The ideal candidate will have deep technical expertise (ideally with a Ph.D. in a quantitative field) and be able to guide model development, manage regulatory interactions, and collaborate across business units. Candidates should have at least 12+ years of experience in credit risk modeling, strong programming skills in Python, R, SAS, and SQL, familiarity with regulatory frameworks, and experience managing a team.
Key Responsibilities
- Lead and mentor a team of quantitative developers focused on credit risk analytics for wholesale portfolios.
- Oversee the development, refinement, and implementation of models including CECL, PD, LGD, EAD, and internal ratings.
- Conduct quantitative research to align modeling practices with industry standards and regulatory expectations.
- Identify model limitations and design remediation strategies using advanced statistical techniques.
- Collaborate with stakeholders across risk, IT, and model governance teams to ensure effective model deployment and maintenance.
- Serve as a subject matter expert in regulatory and audit discussions.
- Define modeling standards and contribute to the development of model execution platforms.
Qualifications
- At least 12-15+ years of experience in credit risk modeling at a major financial institution.
- Minimum of 3 years managing a team of quantitative professionals.
- Advanced degree (Ph.D. preferred) in Quantitative Finance, Statistics, or a related field.
- Expertise in wholesale credit risk modeling and regulatory frameworks (e.g., CECL, CCAR/DFAST).

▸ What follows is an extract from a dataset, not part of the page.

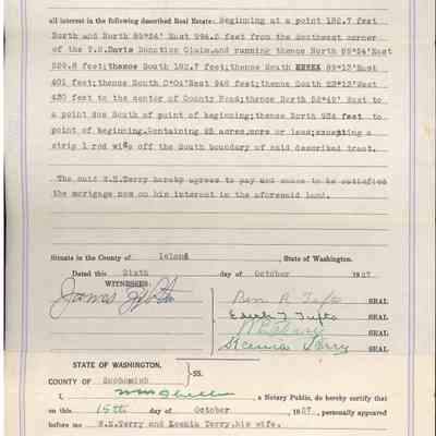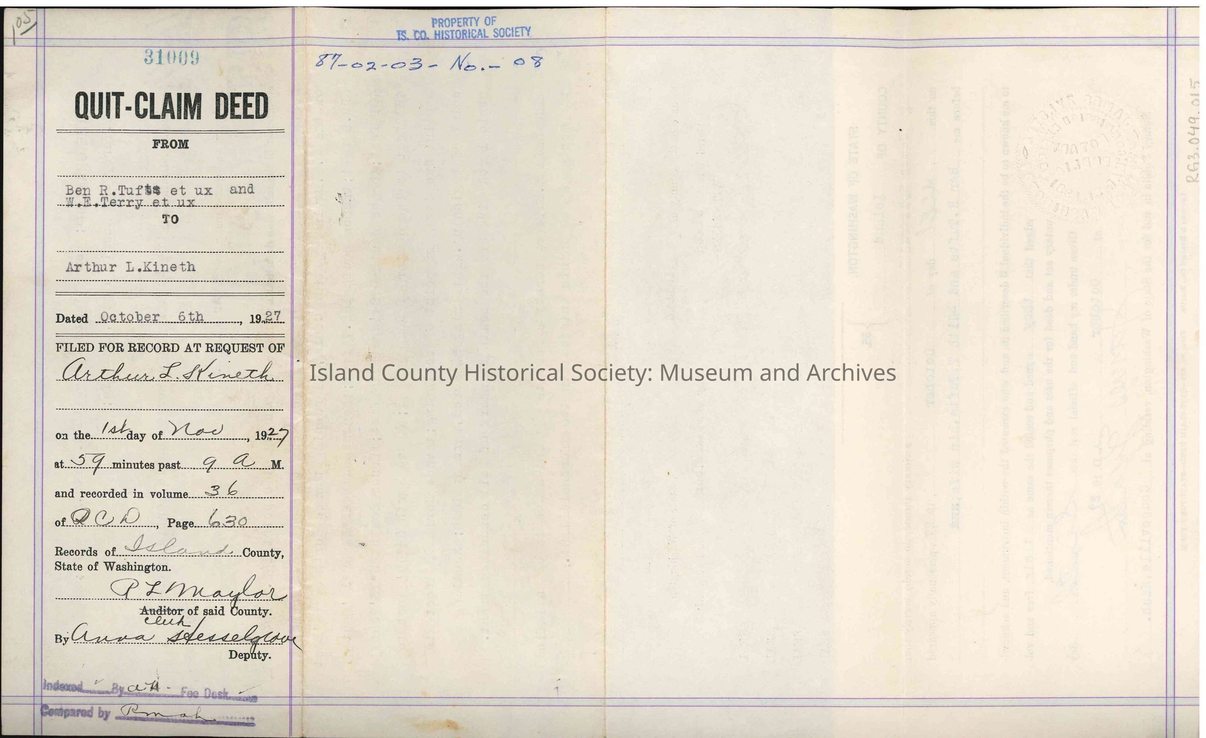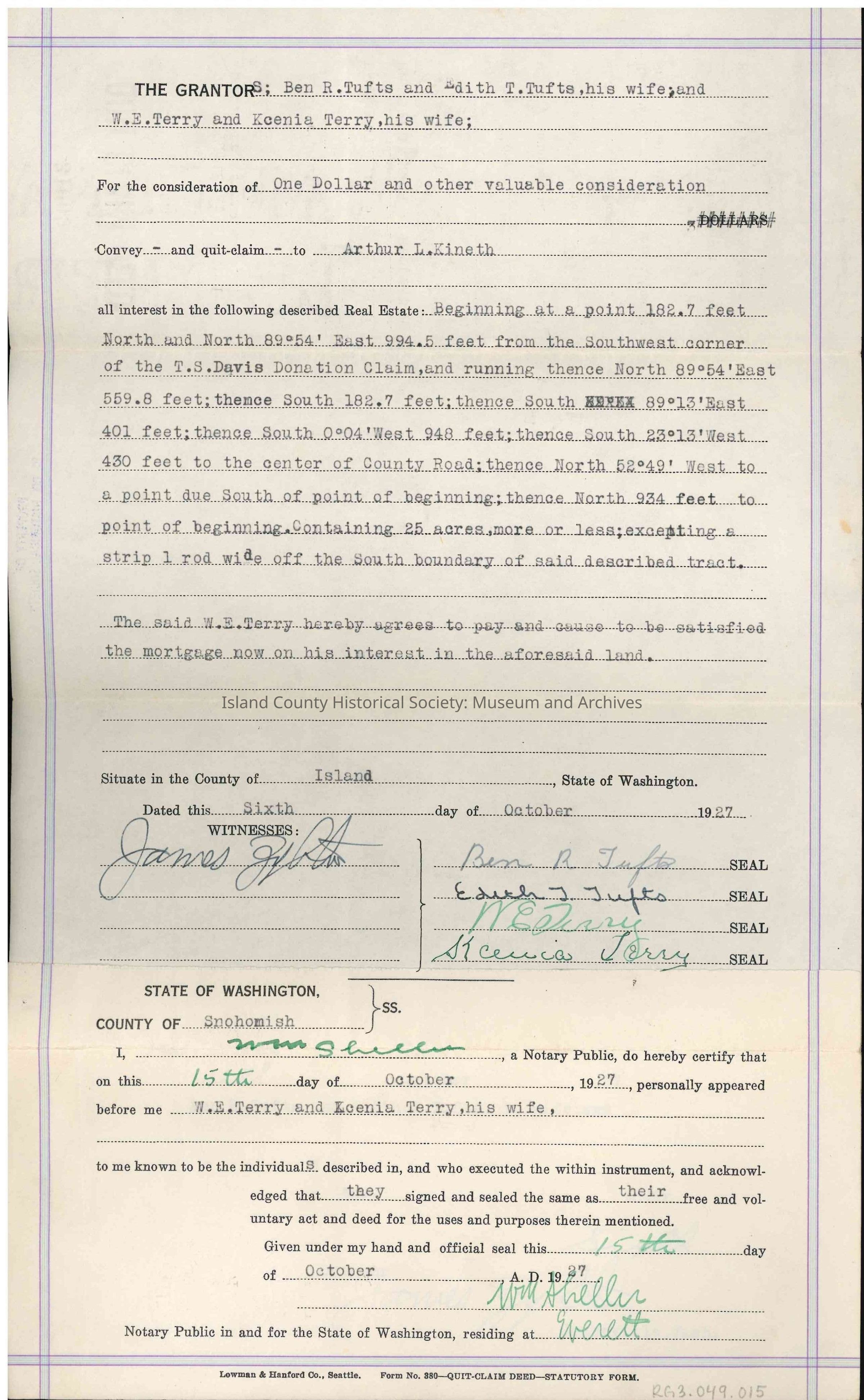 Quit-Claim deed for real estate in Island County, from Ben R. Tufts and Edith T. Tufts; and W.E. Terry and Koenia Terry, to Arthur L. Kineth, for a sum of "one dollar and other valuable consideration." Dated 06 October 1927. Published 01 November 1927.

- Proficiency in Python, R, SAS, SQL, and experience with data visualization tools such as Power BI or Tableau.
- Strong foundation in advanced statistical methods, including time series modeling, Bayesian techniques, decision trees, and clustering.
- Familiarity with external credit data sources (e.g., S&P, GCD, Moody's Analytics).
- Demonstrated success in managing regulatory interactions and audit processes.
- Excellent communication skills, with the ability to translate complex quantitative concepts for non-technical stakeholders.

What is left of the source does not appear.